BEGIN
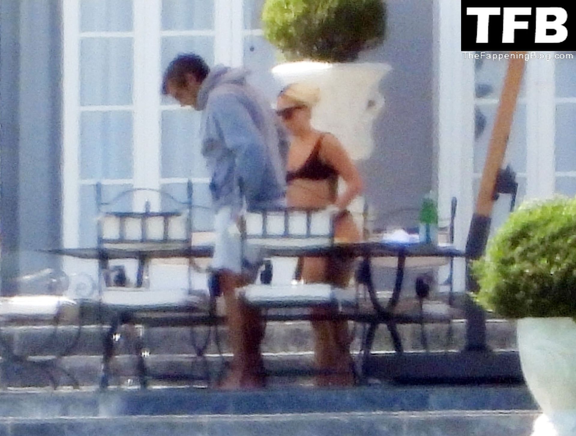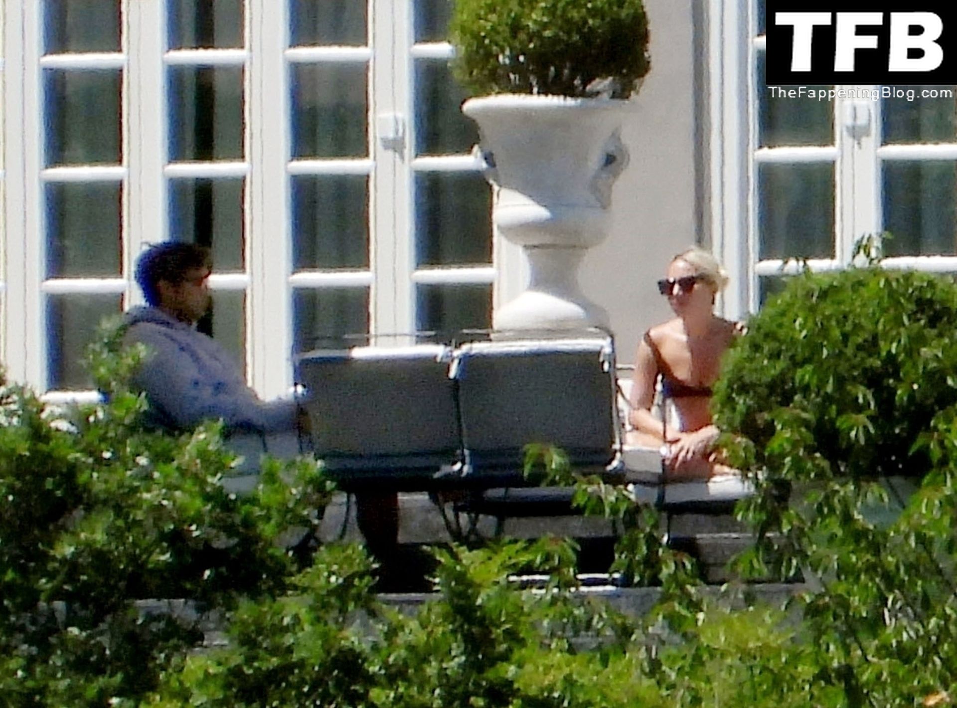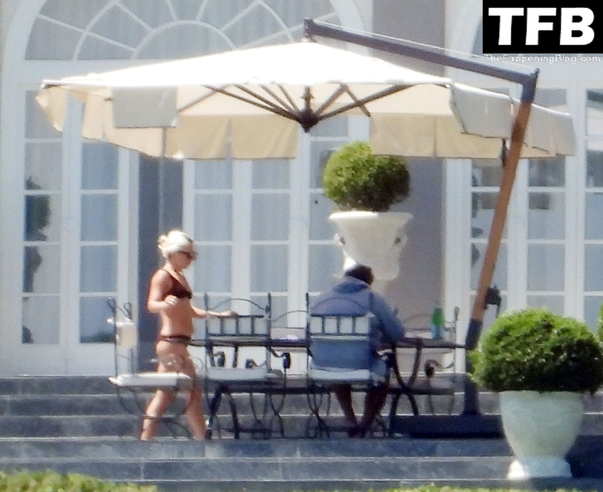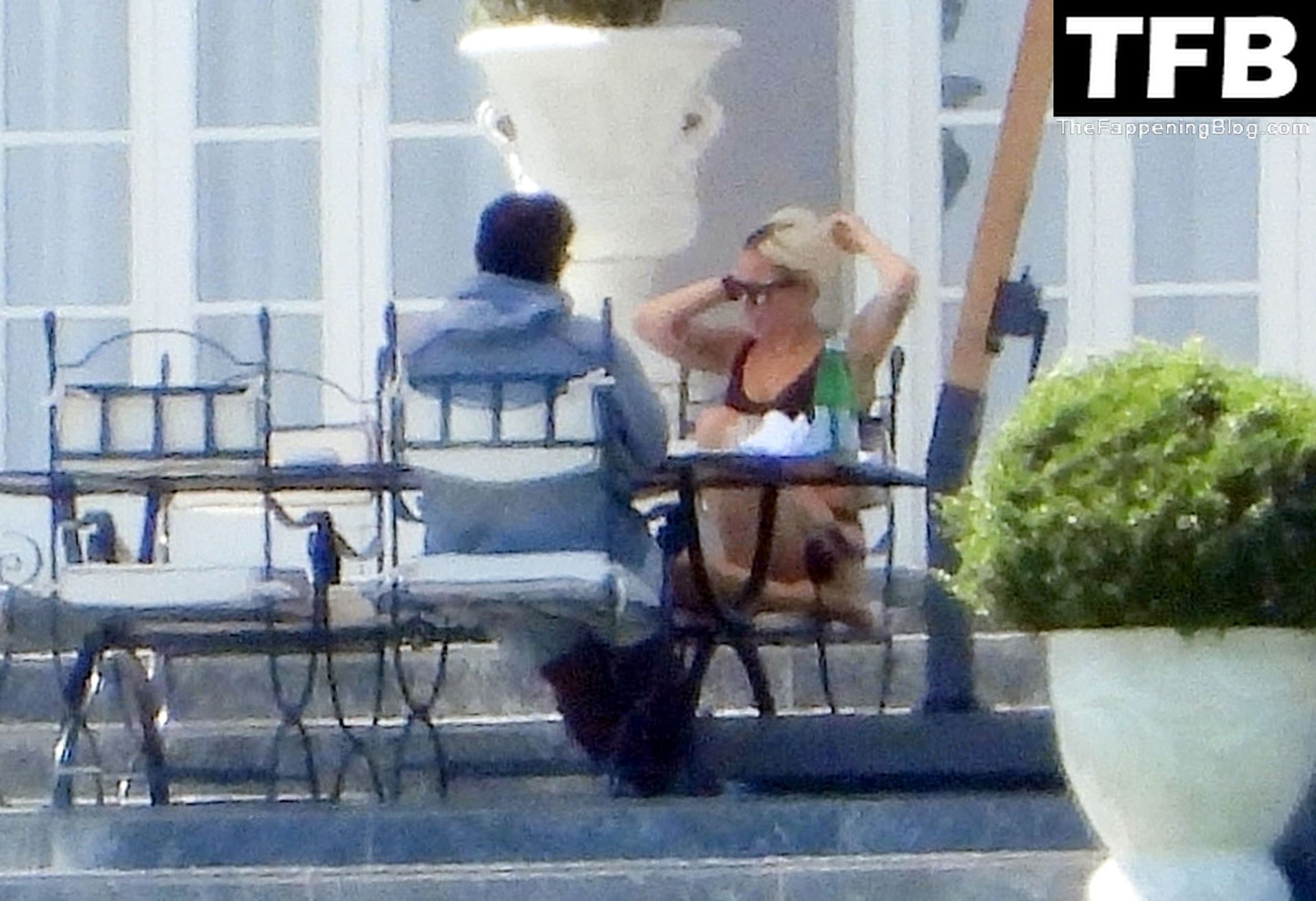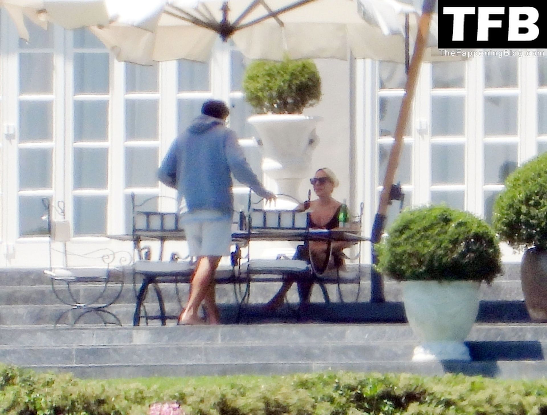 La chanteuse, auteure-compositrice et actrice américaine Lady Gaga, qui a été engagée pour se produire en cadeau surprise (un cadeau d’une valeur de 500 000 €) par l’un des invités au mariage du milliardaire magnat des fonds spéculatifs et donateur Tory Alan Howard, est photographiée en train de prendre son petit-déjeuner à la Villa Bonomi avec son petit ami, entrepreneur et investisseur Michael Polansky, le 25/06/2022.
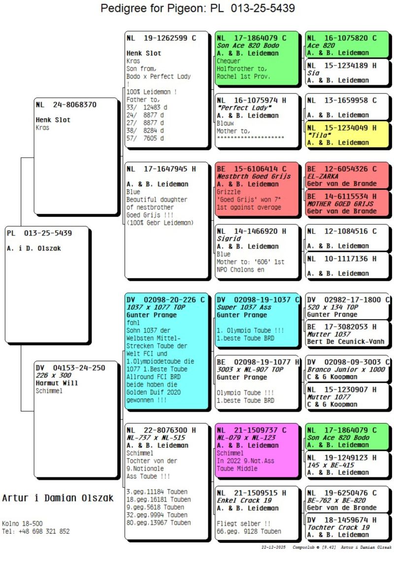 Płeć: młody gołąb Hodowca - rasa: Oryg. Artur i Damian Olszak Zakończenie: 18.01.2026 godz. 20:24
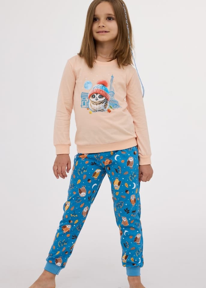 Piżama dziewczęca z wysokiej jakości miękkiej bawełny. Koszulka z długim rękawem z przodu ozdobiona kolorowym nadrukiem. Do kompletu długie wzorzyste spodnie. Rękawki, nogawki i dół bluzy obszyte ściągaczem. Skład: 100% bawełna.
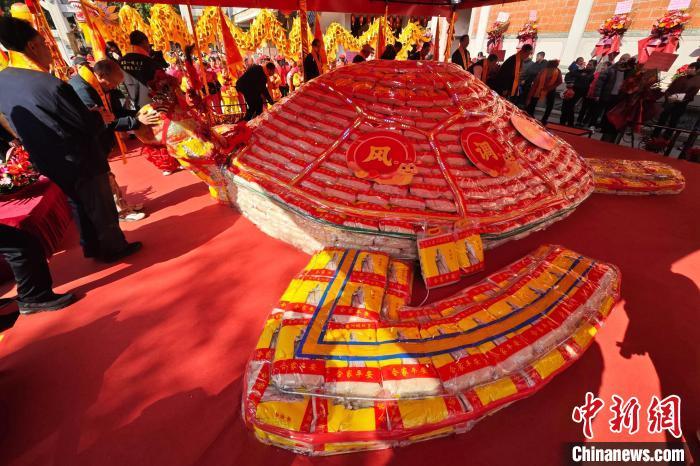 2月10日,福建泉州霞洲妈祖宫与台湾澎湖天后宫携手举办“平安米龟、水果龙”开光点睛仪式。中新社记者 吕明 摄
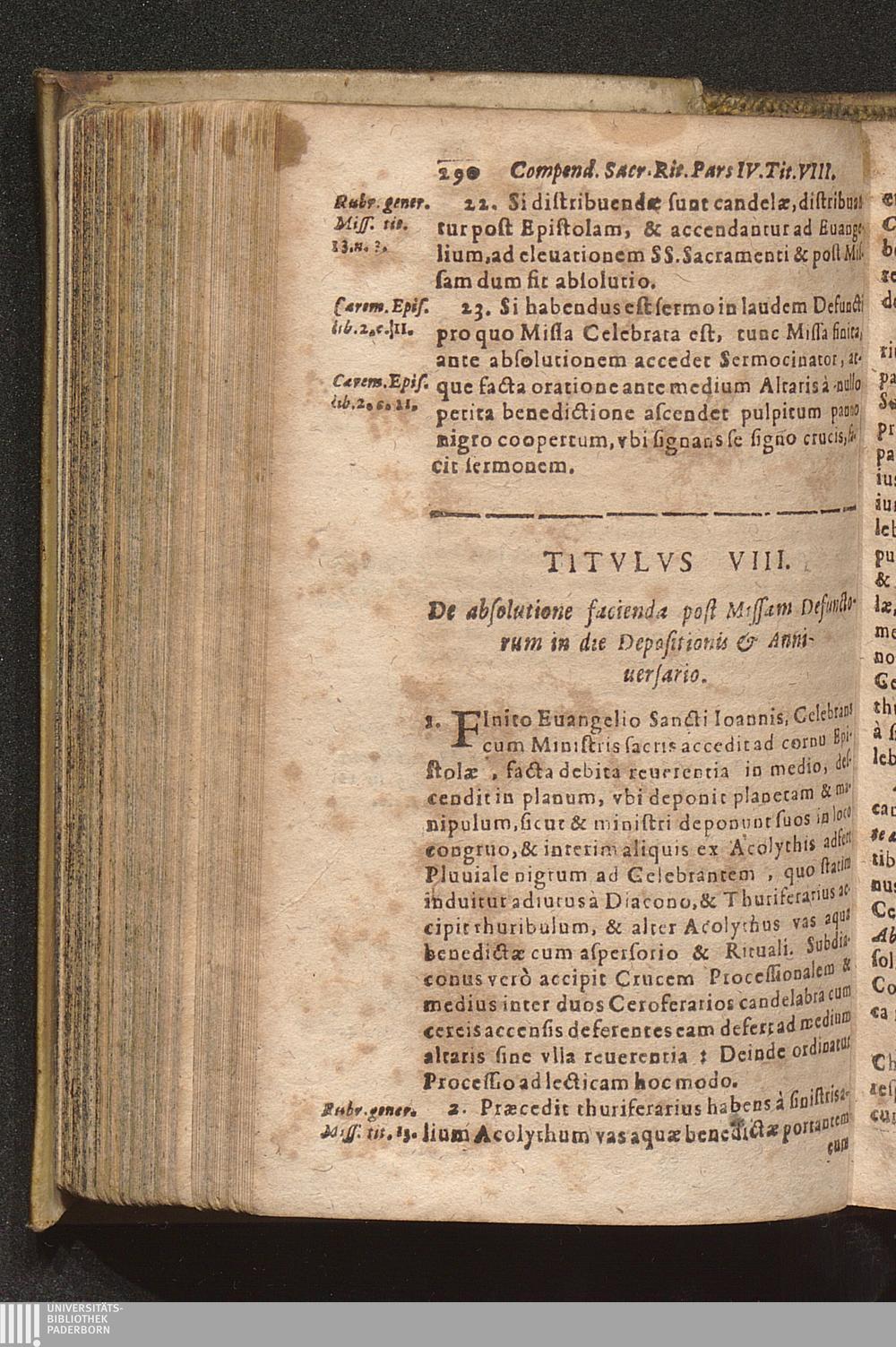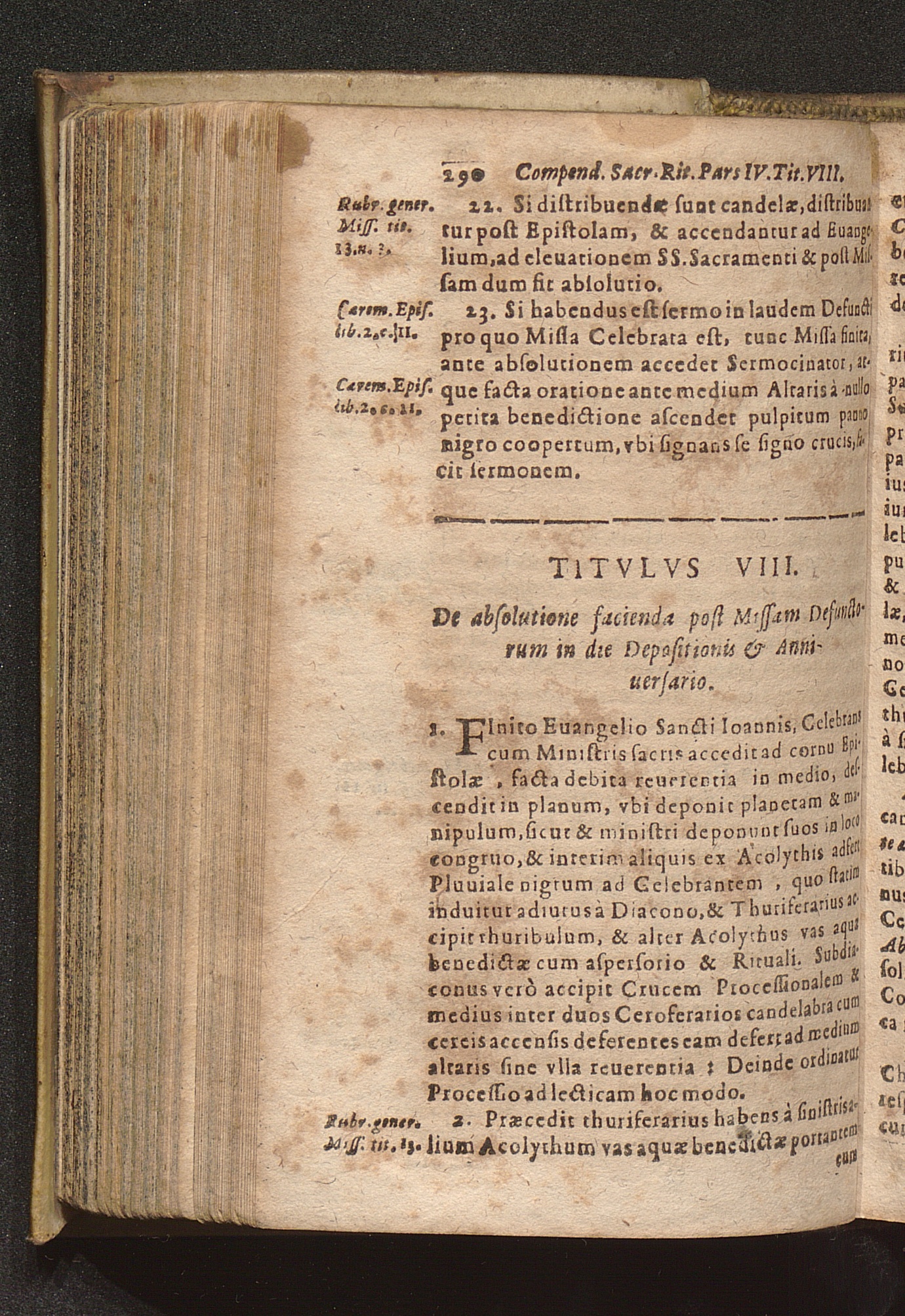 Compendium Sacrorvm Ritvvm Et Caeremoniarvm : Quae In Missis Qua Privatis, Qva Solennibus, Nec Non Pontificialibus, Et quibuscunque alijs Ecclesiasticis functionibus, ex Rubricarum Missalis Romani, Caeremonialis Episcoporum praescripto, Bartholomaei Gavanti, aliorumque probatissimorum Auctorum expositione seruari debent. Omnibvs Cvivscvmqve Ordinis Et gradus Ecclesiasticis personis non minùs vtile quàm necessarium. / Operâ & studio R. D. Gerlaci Vinitoris Basilicae S. Vrsulae Coloniensis Vicarij
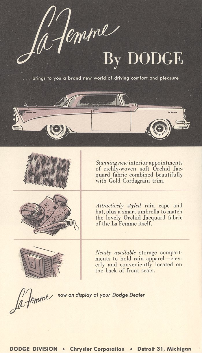 advertising brochures that Dodge made available to dealers to help sell potential female buyers on the La Femme. It is important to note that the 1955
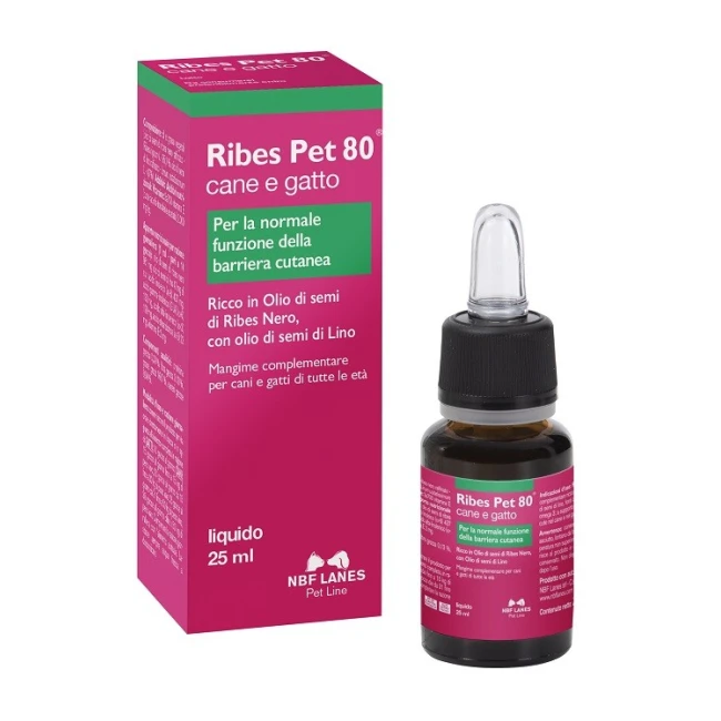 Ribes Pet 80 gocce è un mangime complementare dietetico per il supporto della funzione dermica in caso di dermatosi ed eccessiva perdita di peli nel cane e nel gatto.
END
Pictures should be omitted. Please return exactly the lines from the line that holds "Piżama dziewczęca z" through the end of the records.

 Piżama dziewczęca z wysokiej jakości miękkiej bawełny. Koszulka z długim rękawem z przodu ozdobiona kolorowym nadrukiem. Do kompletu długie wzorzyste spodnie. Rękawki, nogawki i dół bluzy obszyte ściągaczem. Skład: 100% bawełna.
 2月10日,福建泉州霞洲妈祖宫与台湾澎湖天后宫携手举办“平安米龟、水果龙”开光点睛仪式。中新社记者 吕明 摄
 Compendium Sacrorvm Ritvvm Et Caeremoniarvm : Quae In Missis Qua Privatis, Qva Solennibus, Nec Non Pontificialibus, Et quibuscunque alijs Ecclesiasticis functionibus, ex Rubricarum Missalis Romani, Caeremonialis Episcoporum praescripto, Bartholomaei Gavanti, aliorumque probatissimorum Auctorum expositione seruari debent. Omnibvs Cvivscvmqve Ordinis Et gradus Ecclesiasticis personis non minùs vtile quàm necessarium. / Operâ & studio R. D. Gerlaci Vinitoris Basilicae S. Vrsulae Coloniensis Vicarij
 advertising brochures that Dodge made available to dealers to help sell potential female buyers on the La Femme. It is important to note that the 1955
 Ribes Pet 80 gocce è un mangime complementare dietetico per il supporto della funzione dermica in caso di dermatosi ed eccessiva perdita di peli nel cane e nel gatto.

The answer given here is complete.